Kellogg Magazine  |  Spring/Summer 2015



Are you Uber-ready?
...Continued from page one

‘No’ big deal

Marcos Lutz ’01, the CEO of Cosan Limited, one of Brazil’s largest firms, recalled the two years it took to finalize a $12 billion biofuel venture between his company and Royal Dutch Shell. The deal resulted in what both companies called the world’s largest sugar-based ethanol producer.

“It was a really long negotiation. I don’t see many deals that take that long to be concluded,” Lutz said.

The layers of decision-making at Shell added to the complexities of negotiating the massive deal, Lutz said, explaining that Shell’s team strived for consensus among its ranks rather than the top-down approach favored by American companies.

On the other hand, Brazilians aren’t as direct as Americans either. Brazilians are apt to look for diplomatic ways of declining, instead of saying no. As a result, Lutz said, it sometimes requires outsiders to “read between the lines to understand what is really the message.

“For an American, it’s fine to say no. But for a Brazilian, I don’t want to give bad news to a guy I don’t even really know.”

While cultural nuances might influence the way negotiations are conducted, business-minded people, regardless of where they hail from, will work toward mutually beneficial outcomes.

Align incentives and build trust

Nazar Yasin ’06, the managing partner of San Francisco-based investment firm Rise Capital, has specialized in developing opportunities in emerging markets across the globe.

“It’s about developing that personal relationship that is really necessary in so many parts of the world — before you can get down to the details of negotiating an optimal agreement.”


“For us, we like to keep it simple. What I’ve found in my career is that aligning incentives is the single most powerful negotiating tool in the universe,” Yasin said. “It transcends borders, languages and cultures and if — when you are doing a transaction — you are able to align incentives, everything else takes care of itself.”

Negotiating global deals seemed natural for Yasin, who was born in Greece, is part Libyan and whose wife is Mexican. “I’m cross-cultural by definition, and I’m fortunate to have a pretty multicultural family life.”

While at Kellogg, he said, he saw opportunities in making money abroad, particularly in technology. “I realized that 80 percent of the world lives in emerging markets, while approximately zero percent of the technology companies were based in those emerging markets.
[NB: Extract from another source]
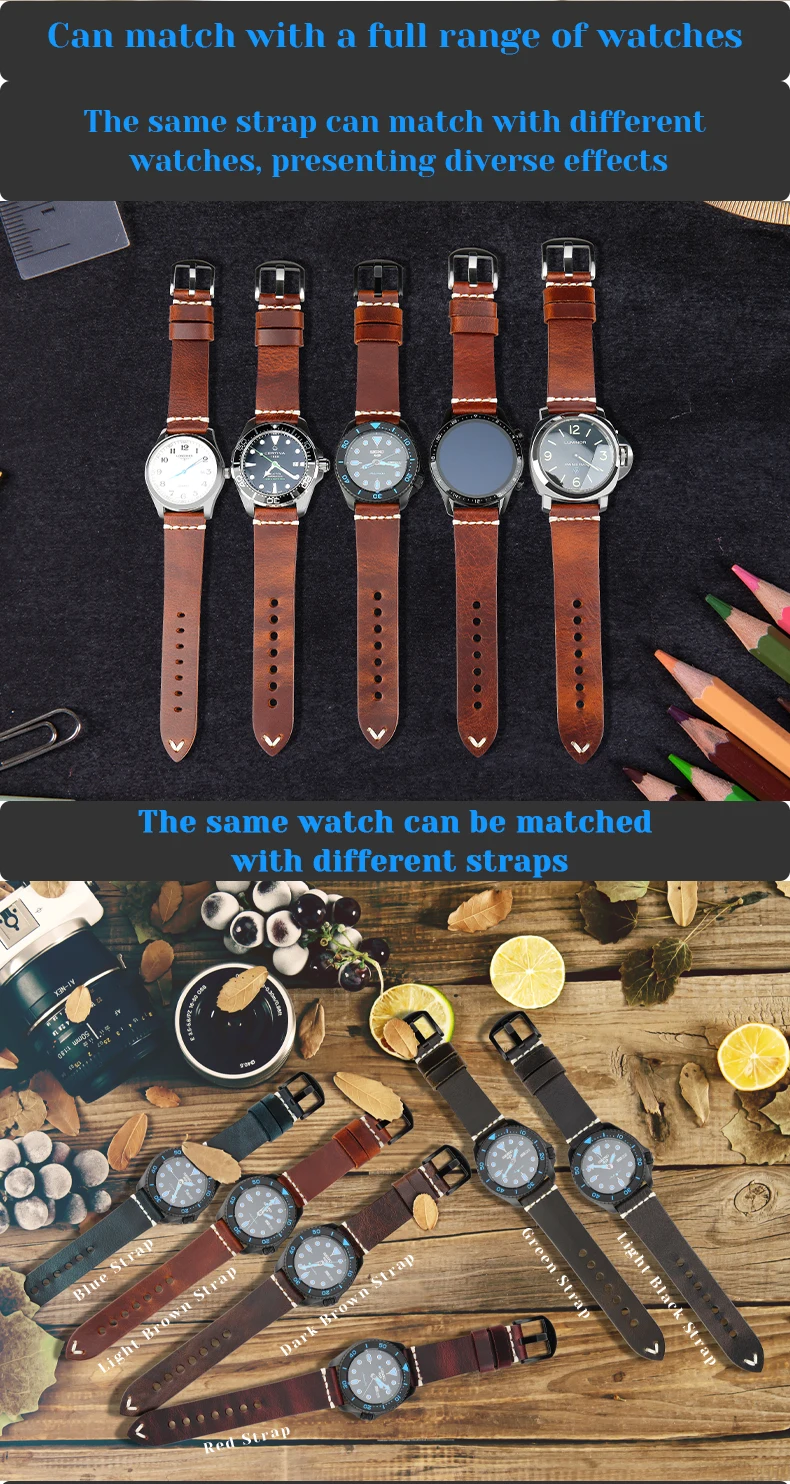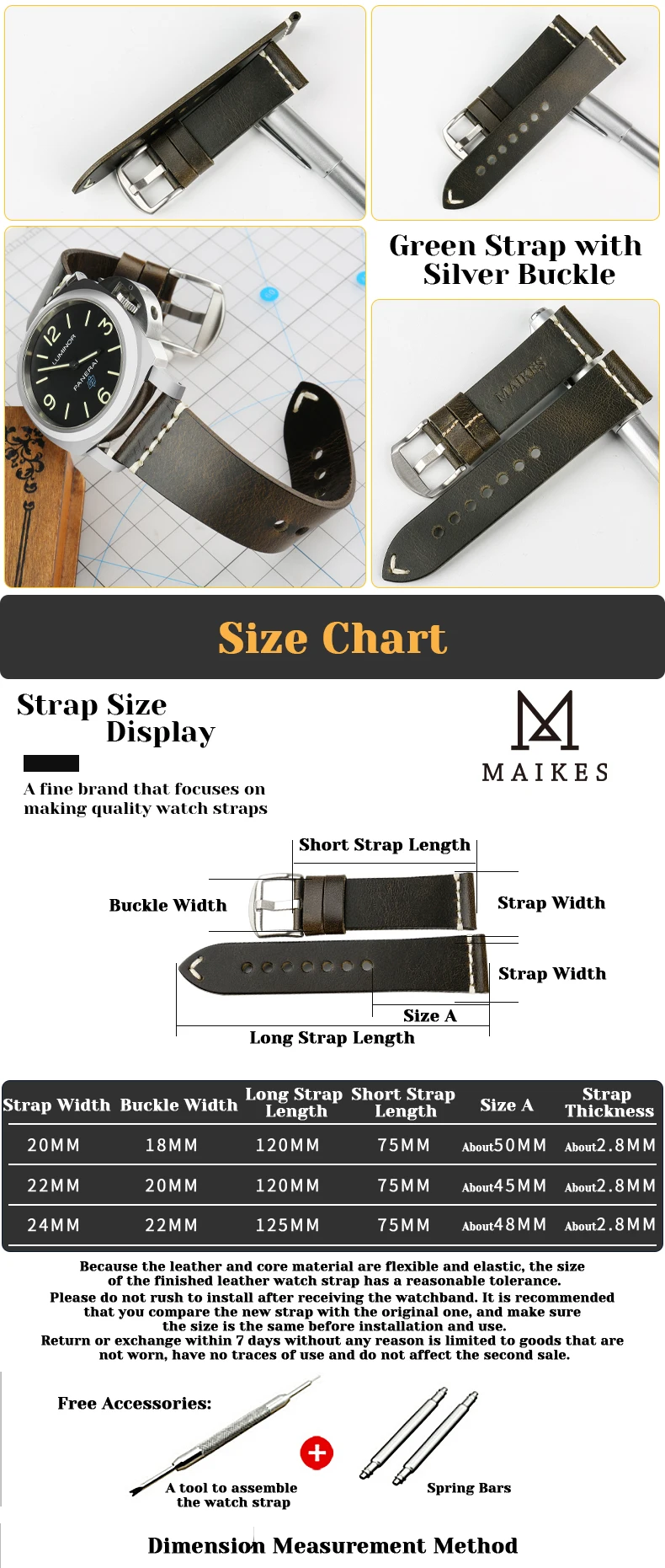 Ремешок MAIKES из натуральной воловьей кожи для наручных часов, винтажный Красный браслет для часов Panerai, 20 мм 22 мм 24 мм
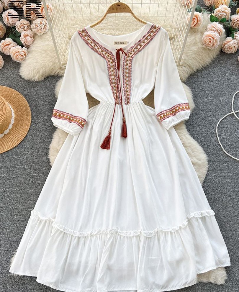 Bohemian Tassel Midi Dress – White with Tribal Accents

I wanted to get out ahead in those places, and fortunately it paid off.”

After Kellogg, Yasin joined Goldman Sachs in London and specialized in the Internet sector. He later joined Forticom as CEO, which he grew to become the largest social networking company in the Commonwealth of Independent States, Russia and Eastern Europe. He sold that business to a consortium made up of in Russia, Tencent in China and Naspers in South Africa, and then joined Tiger Global, where he led more than a dozen investments for the firm in China, Africa, Latin America and Russia.

In 2013, he founded Rise Capital, which has invested in a number of Internet-related ventures in emerging markets, including what he said is Southeast Asia’s largest online grocery company, the leading online children’s retailing firm in India, the largest online insurance broker in Latin America, as well as a Netflix-like content provider in sub-Saharan Africa.

There are always cultural considerations — whether a deal is being negotiated in New York or elsewhere, Yasin said.

“Things are just more pronounced when you’re dealing with international issues. What I’ve noticed is that people around the world have a lot of similarities,” he said. “It’s how you engage with them and how you get from point A to point B.”

And no matter where you’re striking a deal, the key ingredient is trust.

“Trust takes time to build. You can’t just build it in a year or a week. It takes time to earn that trust, and you can lose that in an instant,” he said.

“It really boils down to making sure incentives are aligned.”